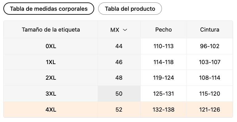 | Tamaño de la etiqueta | MX | Pecho (cm) | Cintura (cm) |
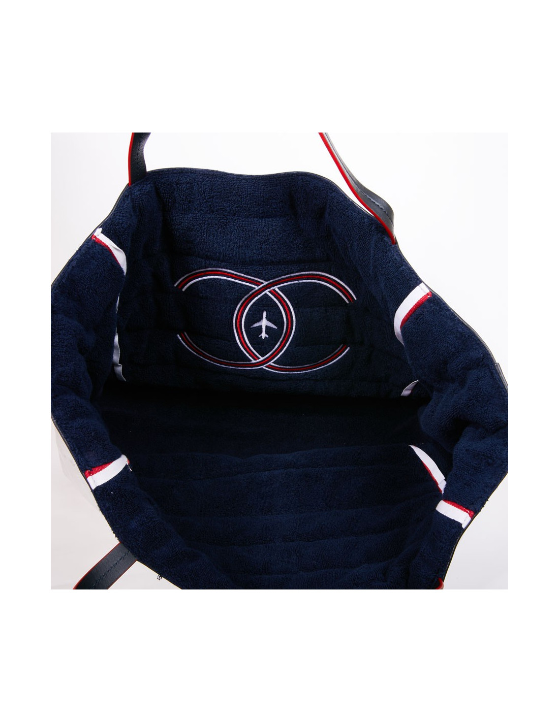 Last items in stock HEADWEAR CHANEL blue and white beach hat CHANEL 27288 350.00 € CHANEL blue and white beach hat Condition: very goodMade in France Material: cottonColor: blue, whiteLining: white monogram CCSize: 56Details: clover print and CC monograms Add to cart
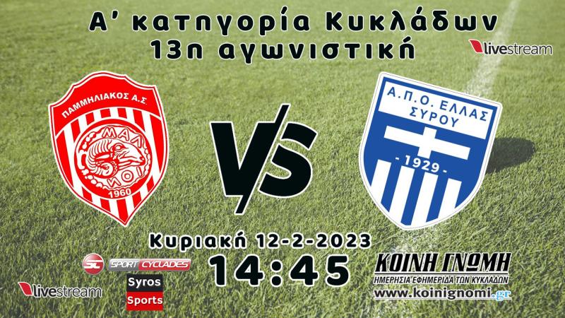 25 Μαρ. 2023 - 19:34 - Τον Παμμηλιακό φιλοξενεί η Ελλάς Σύρου
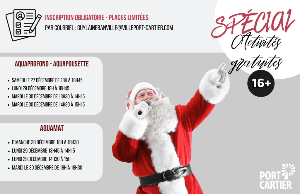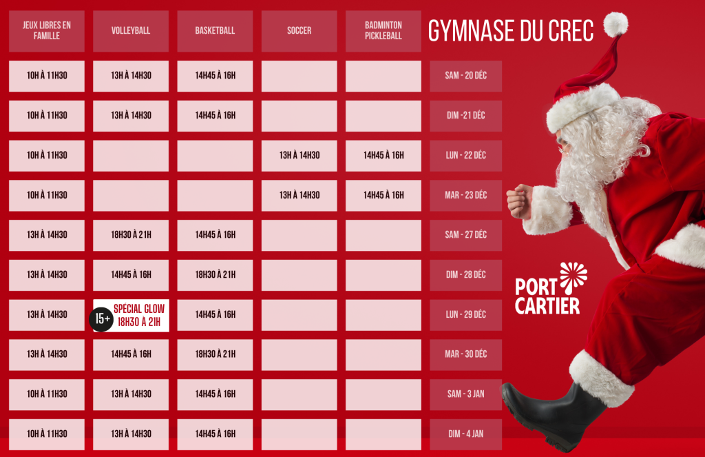 Les activités dites « libres » se déroulent dans nos installations municipales. Elles sont ouvertes à tous et offertes GRATUITEMENT par la Ville de Port-Cartier à chaque saison (à l’exception de la salle de conditionnement physique qui est sous la gestion d’un OSBL).
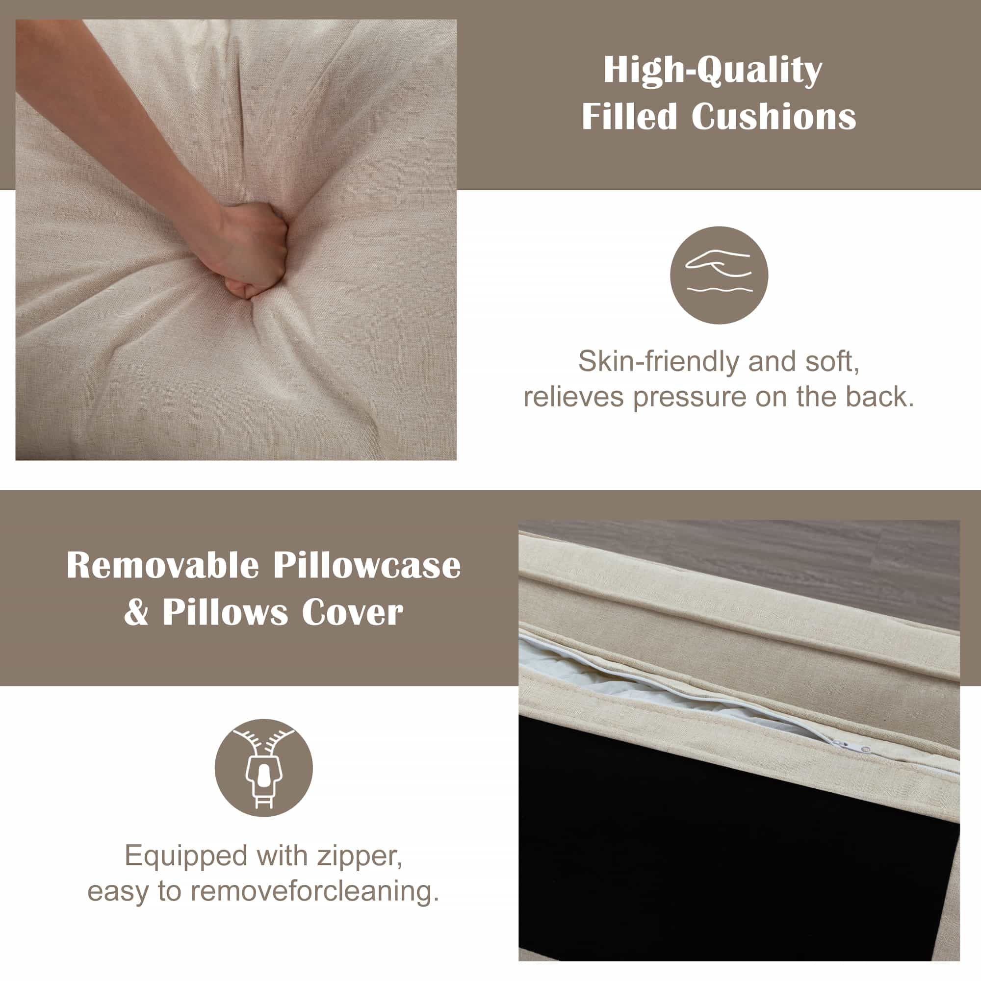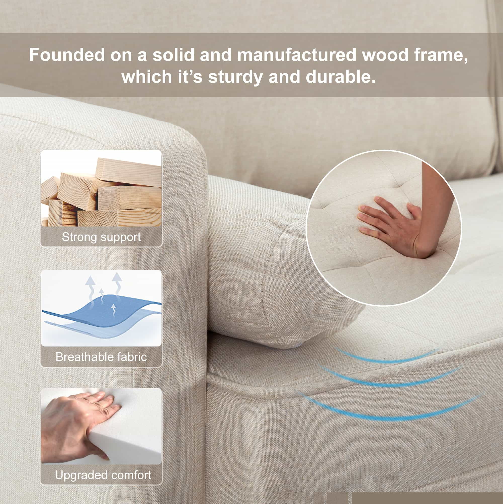 65” Modern Couch/Loveseat. This sophisticated, chic, and minimalist design is a perfect addition to any living space, including living rooms, home offices, bedrooms, and more. Constructed on a robust and durable manufactured wood frame, ensuring sturdiness and longevity. Features a detachable backrest and removable back cushion for easy cleaning, maintaining a tidy appearance. Equipped with solid tapered wood legs that include non-slip pads to prevent scratching floors while ensuring stability. Comes with two matching color bolster pillows. The package includes hidden components and hardware stored underneath the sofa; please inspect before assembly. Vacuum-packed for protection. Press and pat the cushions upon unpacking, allowing them to fully rebound over 72 hours for optimal use. The sofa is packed in one box with all necessary tools included. Should you have any questions, please contact us for an installation video. Caution *** Please do not open the compressed packaging until your sofa frame is completely assembled, otherwise it can’t be repacked in original packing way to return. *** Please review the product dimension and check if it’s suitable for your room. *** It might be have color difference due to photograph lighting, or computer monitor displayed. It’s not quality issue.
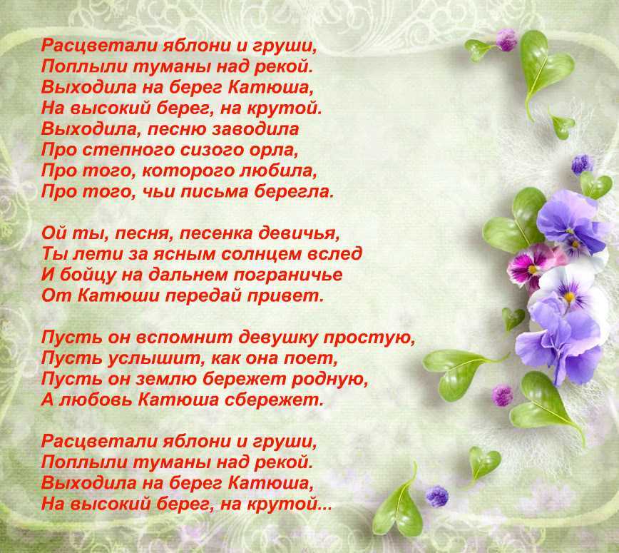 У этой прекрасной застольной песни – богатая история. «Катюша» — считается самой известной военной песней. Но о ее происхождении известно еще до военного времени.
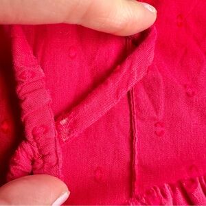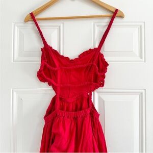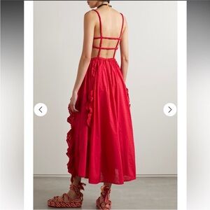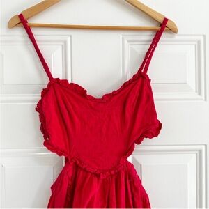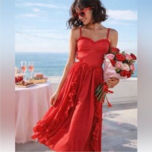 Has some light wear to the inside of the bodice and inside the straps. This stunning red dress features elegant ruffles and a flattering silhouette, perfect for any occasion. The vibrant color adds a touch of sophistication to your wardrobe.
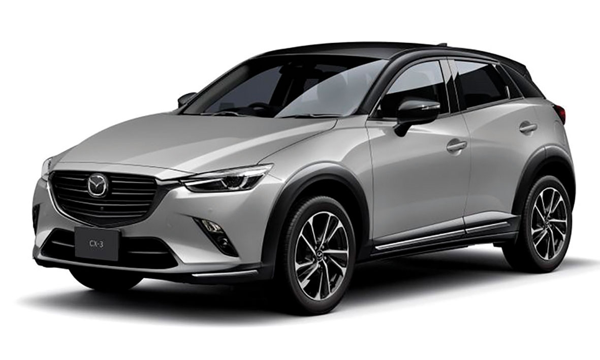 MAZDA CX-3 (มาซดา ซีเอกซ์-3) ครอสส์โอเวอร์ เอสยูวีรุ่นเล็กโฉมล่าสุด ขุมพลังเบนซิน SKYACTIV ความจุ 2.0 ลิตร ให้กำลัง 156 แรงม้า แรงบิดสูงสุด 20.8 กก.-ม. เกียร์อัตโนมัติ 6 จังหวะ ขับเคลื่อน 2 ล้อหน้า
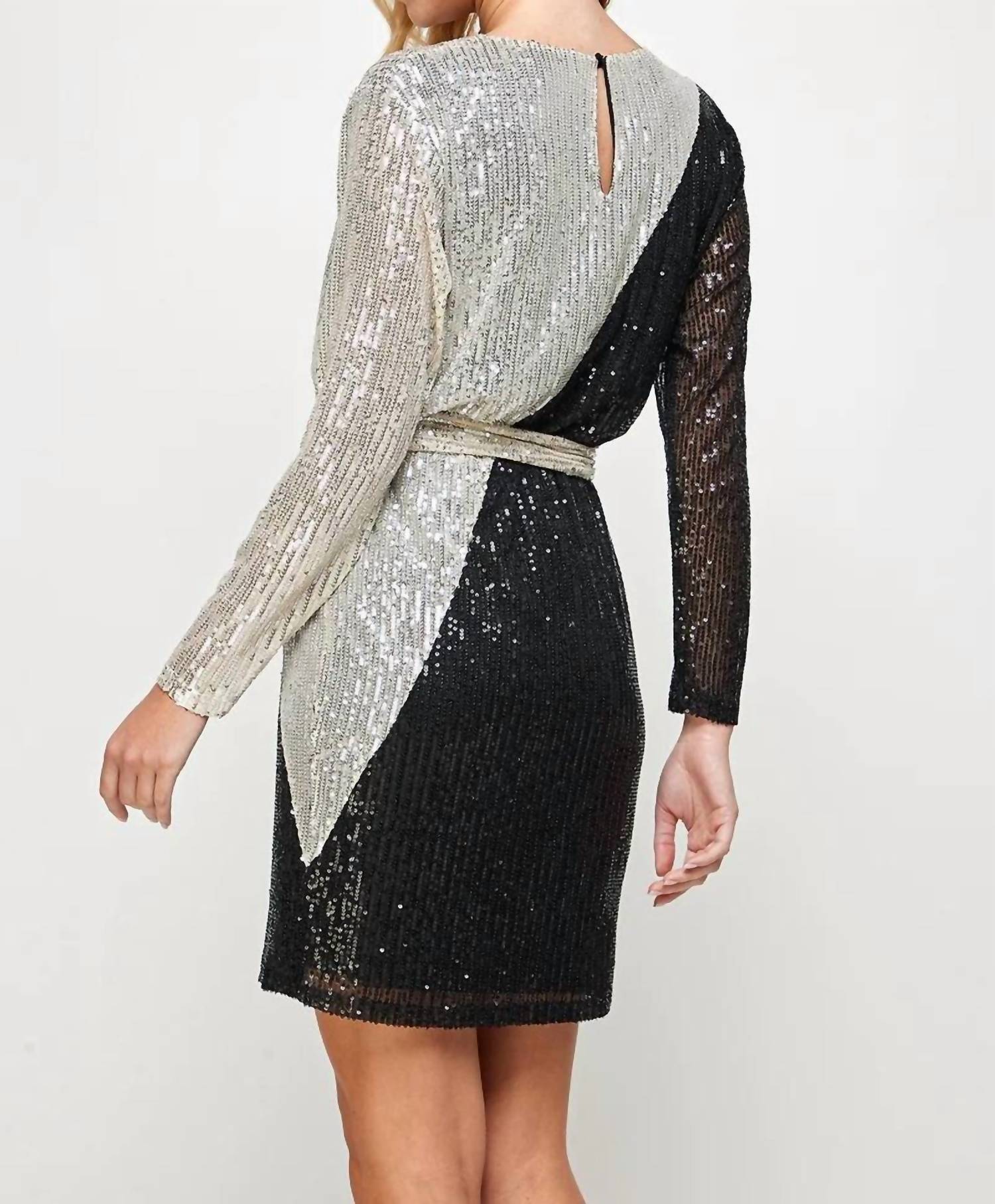 The kind of easy and flattering dress you'll be reaching for all season long. The Sequin Color Blocked Long Sleeve Dress by SEE AND BE SEEN is an essential addition to your collection for special occasions. Crafted with an asymmetrical design, this stunning black and silver mini dress features a sequin sash and comfortable long sleeves. Garment length is 36 inches, offering a flattering sheath silhouette with a keyhole back closure for added charm. Perfect for the holidays, this piece is a true standout with its textured detail and vibrant color block pattern. Model is 5'10" and wears a size S with a bust of 18 inches.
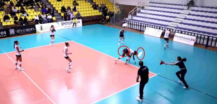 Απίστευτο σκηνικό εκτυλίχθηκε στο γυμναστήριο της Μίκρας, κατά την αναμέτρηση Άρη – ΑΟ Θήρας για τη 14η αγωνιστική της Volley League γυναικών. Κατά το πρώτο σετ, η παίκτρια Αμπότ Σιμόν υποδέχθηκε σερβίς, με την μπάλα να ακουμπά την οροφή, προκαλώντας την πτώση κομματιών σοβά πολύ κοντά στο κεφάλι της.
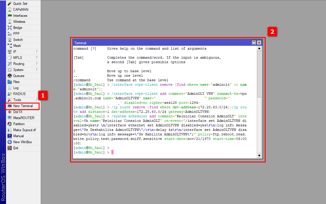 5Pegamos en la terminal de su Routerboard el script que copiamos y verificamos la conexion.
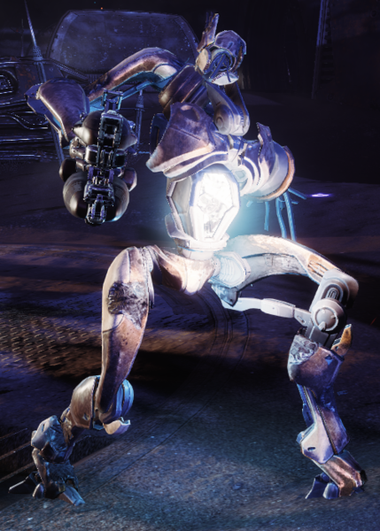 This image is a screenshot of a character or AI unit from the Destiny series of first-person shooter video games developed by Bungie Studios and published by Bungie or Activision. It falls under the screenshot category for a copyrighted computer game or video game, and the copyright for it is most likely held by the company that developed the game. It is believed that the use of a limited number of web-resolution screenshots:
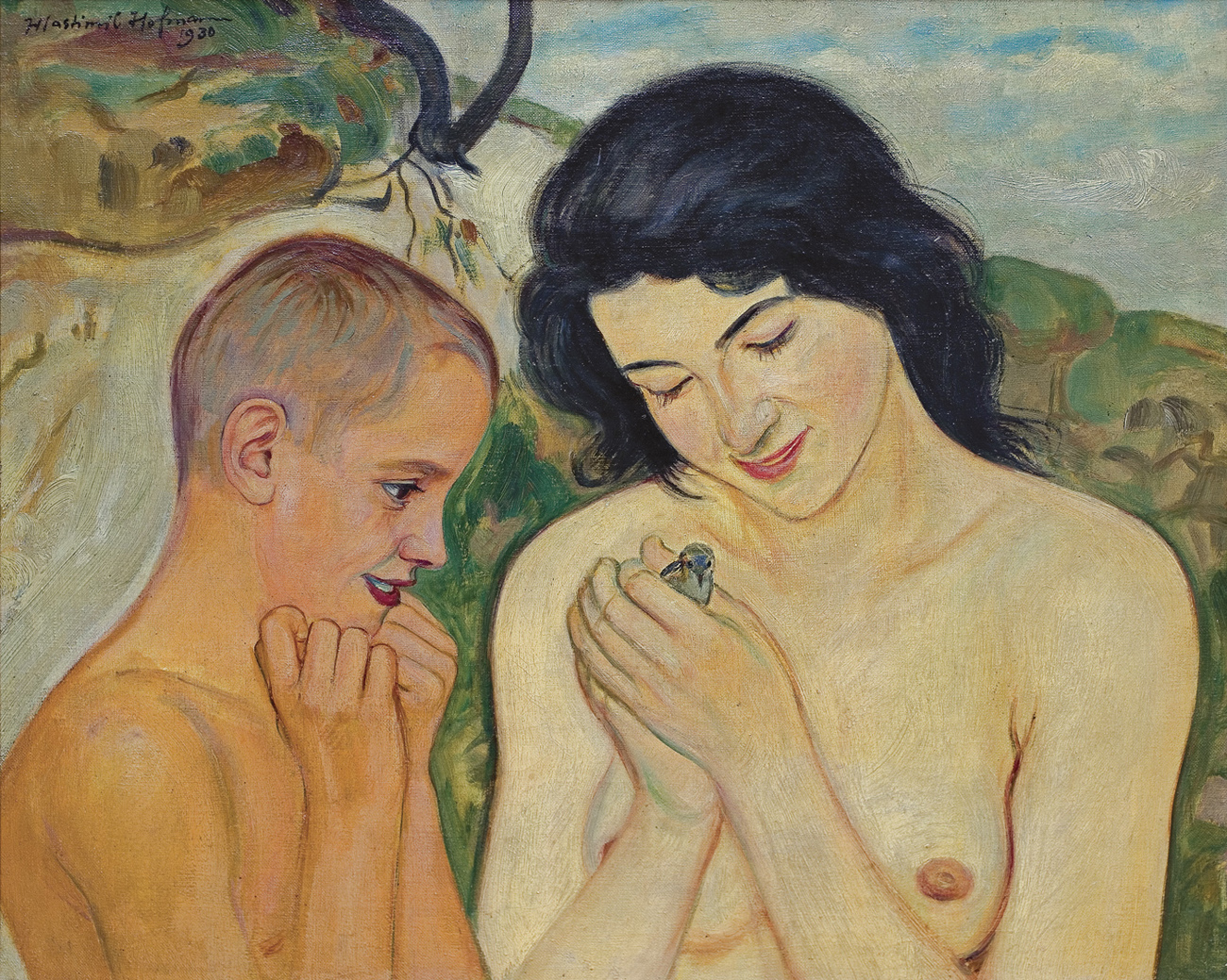 Wlastimil Hofman / Vlastimil Hofmann (Praga 1881 - Szklarska Poręba 1970) studiował w krakowskiej Szkole Sztuk Pięknych - początkowo pod kierunkiem Floriana Cynka, później także u Jana Stanisławskiego, Leona Wyczółkowskiego i Jacka Malczewskiego. W latach 1899-1902 uczył się jeszcze u Jeana Léona Gérôme’a w paryskiej École des Beaux-Arts. W czasie I wojny światowej przebywał w Pradze i w Paryżu; od 1920 stale mieszkał w Krakowie. Dużo wystawiał; należał do wielu stowarzyszeń twórczych - był współzałożycielem „Grupy Pięciu” (1905) i „Grupy Zero” (1908), członkiem Związku Artystów Czeskich „Manes”, a od 1911 członkiem Tow. Artystów Polskich „Sztuka”. W czasie II wojny światowej poprzez ZSRR i Turcję przedostał się do Jerozolimy, skąd w roku 1946 wrócił do Krakowa. Od roku 1947 stale mieszkał w Szklarskiej Porębie. Hofman malował przede wszystkim fantastyczno-symboliczne kompozycje o motywach ludowych oraz sceny rodzajowe, portrety i pejzaże. Jego obrazy mimo bliskich analogii i powiązań ze sztuką Malczewskiego odznaczają się zawsze indywidualnym charakterem, stylem i nastrojem.

==========

» **Your goal**
Give again, word for word, only the lines that run from the top of the data above through the line with "25 Μαρ. 2023". Drop the pictures.

» **Solution to this exercise**
 | Tamaño de la etiqueta | MX | Pecho (cm) | Cintura (cm) |
 Last items in stock HEADWEAR CHANEL blue and white beach hat CHANEL 27288 350.00 € CHANEL blue and white beach hat Condition: very goodMade in France Material: cottonColor: blue, whiteLining: white monogram CCSize: 56Details: clover print and CC monograms Add to cart
 25 Μαρ. 2023 - 19:34 - Τον Παμμηλιακό φιλοξενεί η Ελλάς Σύρου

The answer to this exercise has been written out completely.